The results of the pyoculture isolated 79 germs, including 5 cases of microbial association with two germs. The predominant germs were Staphylococcus aureus, Escherichia coli, Citrobacter diversus, and Pseudomonas aeruginosa with 41.7%, 17.7%, 11.4%, and 8.9%, respectively. Relatively similar results have been reported by several African and non-African authors who found a predominance of Staphylococcus aureus, notably Ousmane A. et al. [17], Ide Garba et al. [26], and the SSIs Surveillance Network in France [12]-[14]. However, our results do not corroborate those of Kimuni et al. [21], who reported a predominance of Pseudomonas aeruginosa 50%, Escherichia coli 22%, and Staphylococcus aureus 20.5%; Lungere et al. [18] reported a predominance of E. coli followed by Staphylococcus aureus, and Bengaly et al. in Mali [16] reported a predominance of E. coli followed by S. aureus. We believe that the predominance of Staphylococcus aureus in our series is due to the fact that these germs constitute flora in the hospital environment and are commensals of the skin and mucous membranes. Contamination of the surgical site occurs more often during the surgical period, either from the patient’s flora before the incision, from the flora of the staff during the procedure or during dressing, or from antiseptic solutions or contaminated instruments. The poor hygiene of our hospital environment is thought to be the cause of SSI.
The results of the antibiogram by germ showed the following resistance: Staphylococcus aureus: ceftriaxone 59%, ciprofloxacin 60%, gentamicin 48.4%, amoxicillin 55.1%, penicillin 75%; Escherichia coli: ceftriaxone 54.5%, ciprofloxacin 45.4%, gentamicin 45%, amoxicillin 63%; Citrobacter diversus: ceftriaxone 50%, ciprofloxacin 60%, gentamicin 48.4%, penicillin 75%, amoxicillin 55.1%. Relatively similar results were reported by Nsiata et al. [27] and Ousman A. [17]. However, our results differ from those reported by Lungere et al. [20]. There is reason to believe that frequent use of antibiotic molecules ultimately leads to resistance [2] [28]. The high resistance to the molecules used in our Surgery Department could also be related to their quality. This high resistance of bacteria isolated from SSIs to certain families of antibiotics confirms that these are indeed hospital germs. It must completely change the protocol for probabilistic antibiotic therapy. The antibiotics that have shown efficacy against most germs isolated from surgical site infections in the surgery department are amikacin, fosfomycin, meropenem, and imipenem. These antibiotics can be used as a first-line treatment in the case of empirical antibiotic therapy.

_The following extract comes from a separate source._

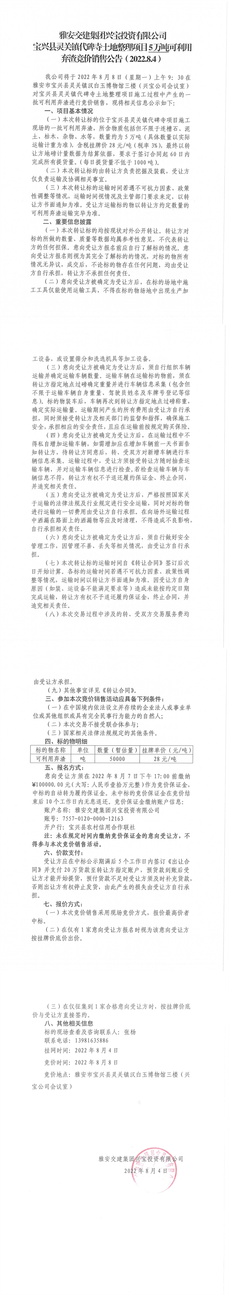 雅安交建集團(tuán)興寶投資有限公司靈關(guān)鎮(zhèn)代碑寺土地整理項(xiàng)目5萬噸可利用棄渣競價(jià)銷售公告(2022.8.4)

This study has some limitations due to its single-center design, and its retrospective and non-probabilistic nature, meaning that data recording was not exhaustive. Other patients could not be included in this database as having surgical site infections due to the loss of many medical records in the archives department. Some patients who were clinically diagnosed with surgical site infection were excluded because pus samples were not sent to the laboratory for bacteriological study. The results cannot be generalized to the entire population.

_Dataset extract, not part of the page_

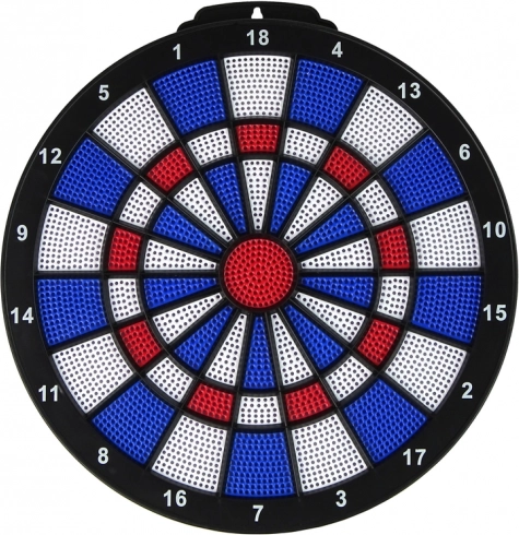 Fekete, kék, piros és fehér körminták számokkal kiegészítve a szórakoztató játék érdekében.
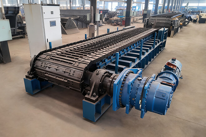 The apron feeder is a reliable feeding method for when the material to be conveyed is lumpy, abrasive, heavy, high temperature. it is a feeding solution more robust than a traditional belt feeder is required.

However, the results obtained are encouraging. They will allow hospital services to gain an understanding of the bacterial ecology of the department, establish their infection prevention policy for surgical sites, and improve antibiotic prescription practices.
5. Conclusion
Surgical site infection is a real public health problem. Its impact is considerable because it can lead to antibiotic resistance, long hospital stays, increased healthcare costs, and significant morbidity and mortality. Incorrect antibiotic prescriptions, self-medication, and the use of poor-quality antibiotics are responsible for the selection of multi-resistant strains in healthcare facilities. Reduced sensitivity to commonly used antibiotics has been observed in the Cukis surgery department.
Ethical Considerations
Before starting the collection, we received a research permit from the faculty, granting us access to the hospitalizations register and Register of doctors’ on-call reports. The information concerning our patients has been kept confidential.